Turning experts into journalists, thanks to a ‘big cognitive shift’
“You hear people saying, ‘You can’t teach news judgment, it comes after years and years and years,’ ” Robert Steiner says.
“And I disagree. Some people will get it more than others, but you actually can teach news judgment.”
What Steiner is doing, as director of the Munk fellowship in global journalism at the University of Toronto, is teaching it not to students but to specialists — people who already have a career or profession or background in a particular area.
They might be a public-health doctor, or a China expert, or a criminology professor. When they wrap up their training eight months later, some will pursue reporting full-time, adding depth to the news industry with their expertise. But others will incorporate their new skills into their old careers, taking the craft of journalism down roads that Steiner hadn’t foreseen when the program launched in the fall of 2012.
Steiner figures most people can find a story or two in their field, something important and interesting that isn’t known to a broad audience. Then they run out of ideas.
“And that’s when the discipline of journalism really starts to become important,” he says. “Because one of the disciplines we’re teaching is how to find new ideas.

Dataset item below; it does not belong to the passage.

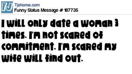 X is I will only date a woman 3 times. I'm not scared of commitment. I'm scared my wife will find out.

“What we’re doing is we’re saying, ‘Use your knowledge of your field to find stories that are surprising to you, and to be able to do what reporters do which is to find, always, week after week, year after year, find new stories.’ And that’s the discipline.”
The fellows spend some time learning the basics of entrepreneurial journalism (story structure, video, audio, photography, podcasting, data, ethics, legal issues), but the emphasis is on learning through constant practice to look at their specialty like a beat reporter.
It’s a skill that relies on training and practice.
“There’s a cognitive shift from thinking like a business person or a lawyer or an architect or a physician or scientist, whatever it is, to thinking like a journalist,” Steiner says.
“The big cognitive shift is, ‘Why do I care, and why does an audience that is not in your specialty care.’ That’s a big cognitive shift.”
And it stays with the fellows, even those who return to their original careers.
“It changes the way they do their other work. And often it’s because they now have an instinct because we’ve yelled it at them, politely you know, they can hear us saying to them, ‘Why would I care? Convince me that this is important.’ And ‘Why now, what’s new?’ and ‘Do you really know what you’re saying, do you really have anything to back this up?’”
Steiner slots Munk graduates into four categories:
Some have gone on to join news organizations, even when journalism jobs are so scarce. “We now have alumni working on staff at the Wall Street Journal, the Walrus, TVO, VICE and the FT (Financial Times).” Others become full-time freelancers or stringers.
A third category of graduates return to their profession but do a lot of journalism as well. One former fellow, Dr. Seema Yasmin, is a public-health specialist who now splits her time and salary between the University of Texas at Dallas and the Dallas Morning News. She was part of the newspaper team that was a finalist for the Pulitzer Prize in breaking news for coverage of the 2016 ambush of police in downtown Dallas.
The fourth category of graduates is the one that came as the biggest surprise to Steiner — the unexpected path. They “are not ostensibly journalists at all but are using these skills to do their jobs in a very different way,” he says, “to create a smarter public conversation around the work they’re doing.”
Richard Matern is an example. The head of research and communications for the Daily Bread Food Bank in Toron- to, Matern believes the social-policy sector has to find better ways to get its information out to the public, to communicate the issues behind hunger and other struggles. Daily Bread’s annual survey of food-bank clients, and the monthly reports it gets from food banks around the city, are full of untold stories.
Matern went into the 2013-14 Munk fellowship already understanding the power of data. What he learned was the journalistic instinct: If something stands out in the monthly data from food banks around the city, make a few calls, ask a few questions, see what surfaces. It’s the art of the “lede,” the top of a story, the information that is both important and interest- ing to the public.
He’s not writing the stories himself. But like a journalist, he’s conducting his research with a wider public audience in mind.
Late last year he took note of global trends like Syrian refugees and rising food prices. When he planned Daily Bread’s annual survey he added questions on those topics to find out how they’re affecting Toronto.
Then, when he sent out the 60 or so volunteers who gather the survey information, he coached them to be minijournalists.
“Now when volunteers are going out, we’re saying with the one-on-one interviews, get some context, get some information,” he says. “This isn’t just ticking off a box when you’re speaking with a person, you know, try to get their story and see what’s happening.
“So in a way you have 60, 70 mini-journalists going out and looking in-depth into a situation, and I guess what I’m realizing is how priceless that is and how important that is. I thought, this is a very unique in-depth opportunity to explore what is the state of poverty on the ground in Toronto.